Then again, anyone under 30 has never heard of them in the U.S.
Their Euro compacts and city cars might be popular here.
Based on what I've seen in the U.K., they have lots of style and might be considered fun by younger folks.

Could we be looking atr a replay of the late 50s where a new generation of imports (then VW and Renaults) forced the U.S. automakers to think small, resulting in Larks, Falcons, Darts, Chevy IIs and Corvairs.
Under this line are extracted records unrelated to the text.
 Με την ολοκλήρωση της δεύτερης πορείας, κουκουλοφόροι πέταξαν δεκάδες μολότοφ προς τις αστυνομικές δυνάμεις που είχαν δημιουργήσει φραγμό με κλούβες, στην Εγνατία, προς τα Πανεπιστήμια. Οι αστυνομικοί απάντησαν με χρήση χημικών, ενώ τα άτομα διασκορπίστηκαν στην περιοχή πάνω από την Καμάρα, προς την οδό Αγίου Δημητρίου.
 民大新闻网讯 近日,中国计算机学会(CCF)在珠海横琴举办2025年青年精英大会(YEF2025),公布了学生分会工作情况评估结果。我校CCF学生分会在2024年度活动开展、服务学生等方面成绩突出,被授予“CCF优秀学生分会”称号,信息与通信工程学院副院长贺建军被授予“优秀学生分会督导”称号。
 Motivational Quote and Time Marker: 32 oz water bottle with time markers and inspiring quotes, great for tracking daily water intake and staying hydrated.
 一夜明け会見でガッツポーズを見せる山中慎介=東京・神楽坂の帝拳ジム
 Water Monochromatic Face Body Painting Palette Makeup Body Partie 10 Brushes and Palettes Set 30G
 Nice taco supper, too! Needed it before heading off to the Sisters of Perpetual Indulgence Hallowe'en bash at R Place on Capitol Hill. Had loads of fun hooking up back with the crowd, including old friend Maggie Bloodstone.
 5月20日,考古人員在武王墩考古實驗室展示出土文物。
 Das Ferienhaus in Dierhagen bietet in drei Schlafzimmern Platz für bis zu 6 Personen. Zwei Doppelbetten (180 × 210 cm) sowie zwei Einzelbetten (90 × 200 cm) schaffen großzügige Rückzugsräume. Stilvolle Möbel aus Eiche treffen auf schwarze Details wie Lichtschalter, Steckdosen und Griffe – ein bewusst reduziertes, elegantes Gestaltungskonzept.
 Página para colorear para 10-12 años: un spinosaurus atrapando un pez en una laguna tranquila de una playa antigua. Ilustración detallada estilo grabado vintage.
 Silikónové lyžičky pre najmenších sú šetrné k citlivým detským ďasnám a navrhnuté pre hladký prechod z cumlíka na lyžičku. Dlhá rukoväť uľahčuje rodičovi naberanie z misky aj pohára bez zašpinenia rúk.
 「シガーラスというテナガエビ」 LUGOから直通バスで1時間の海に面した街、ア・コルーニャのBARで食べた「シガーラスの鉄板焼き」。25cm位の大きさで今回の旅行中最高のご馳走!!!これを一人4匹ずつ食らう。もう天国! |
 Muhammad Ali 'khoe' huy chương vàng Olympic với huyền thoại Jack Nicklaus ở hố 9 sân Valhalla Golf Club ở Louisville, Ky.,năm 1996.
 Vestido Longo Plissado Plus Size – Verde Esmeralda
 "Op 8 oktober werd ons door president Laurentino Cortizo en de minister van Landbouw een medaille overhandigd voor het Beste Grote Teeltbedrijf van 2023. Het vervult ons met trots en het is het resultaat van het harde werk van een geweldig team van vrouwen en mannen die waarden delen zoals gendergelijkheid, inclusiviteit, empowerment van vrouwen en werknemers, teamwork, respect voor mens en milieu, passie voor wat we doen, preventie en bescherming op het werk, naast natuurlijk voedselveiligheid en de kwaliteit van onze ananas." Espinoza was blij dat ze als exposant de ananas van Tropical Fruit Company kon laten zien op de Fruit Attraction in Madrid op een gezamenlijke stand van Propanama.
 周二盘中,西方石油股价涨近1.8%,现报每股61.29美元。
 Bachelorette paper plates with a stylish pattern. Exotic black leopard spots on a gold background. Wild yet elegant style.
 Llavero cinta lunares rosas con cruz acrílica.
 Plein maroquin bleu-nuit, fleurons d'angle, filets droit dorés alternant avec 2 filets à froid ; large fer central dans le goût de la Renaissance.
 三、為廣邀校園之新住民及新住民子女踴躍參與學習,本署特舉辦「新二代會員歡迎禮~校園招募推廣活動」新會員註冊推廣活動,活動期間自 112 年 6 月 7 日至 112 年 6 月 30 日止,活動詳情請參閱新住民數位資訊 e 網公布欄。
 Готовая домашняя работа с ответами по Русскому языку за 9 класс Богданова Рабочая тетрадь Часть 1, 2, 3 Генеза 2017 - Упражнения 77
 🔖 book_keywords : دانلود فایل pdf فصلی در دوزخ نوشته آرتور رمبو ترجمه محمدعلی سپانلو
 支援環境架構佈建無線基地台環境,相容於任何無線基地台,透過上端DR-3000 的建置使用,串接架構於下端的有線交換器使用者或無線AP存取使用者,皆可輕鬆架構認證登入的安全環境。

We might see the same thing soon either in "city" cars U.S. firms don't want to make, or high-tech or high-style Euro-based cars a bit byond the Cobalt (how old is that platform??? and is that REALLY the best GM can do?) and the long-in-the-tooth Focus. Finally Ford says it will start adapting its Euro line to America in 2010-12.
Only 35 years late!
When I first visited the U.K. as a college student in 1975 I was amazed by their small cars and wondered why after the first gas crisis Ford was still selling V-8 Torinos instead of Ford UK/German sedans that were good sized (large over there, mid-size here)and luxurious (by the standards of the day).

63 Avanti R1 2788
1914 Stutz Bearcat
(George Barris replica)

Washington State

Scott
07-30-2008, 04:55 PM
Oh heck, why don't they just get it over with and sell everything lock, stock and barrel to Tata or Fiat. Slow declines are the worst...

showbizkid
07-30-2008, 06:41 PM
You mean like AMC's?


[img=left]http://members.cox.net/clarknovak/lark.gif[/img=left]

Clark in San Diego
'63 F2/Lark Standard
http://studeblogger.blogspot.com
www.studebakersandiego.com

PlainBrownR2
07-30-2008, 07:20 PM
Yah under 30 and born at the start of the 80's, how could I not know anything about a company who also produced the blood brother Yugo 45 [:o)]

556063
07-30-2008, 07:25 PM
Chrysler is the only manufacturer who supplies the United States that has idle 4 cylinder manufacturing capacity right now. Everyone else, including the imports, can't build enough 4 cylinder cars right now. Someone will end up using Chrysler's capacity if the current market conditions persist. Chrysler's 4 cylinder dillema should cast aside any doubt that the Daimlerized designs have been a complete and utter failure. Their current 4 cylinder designs are in particular a disaster.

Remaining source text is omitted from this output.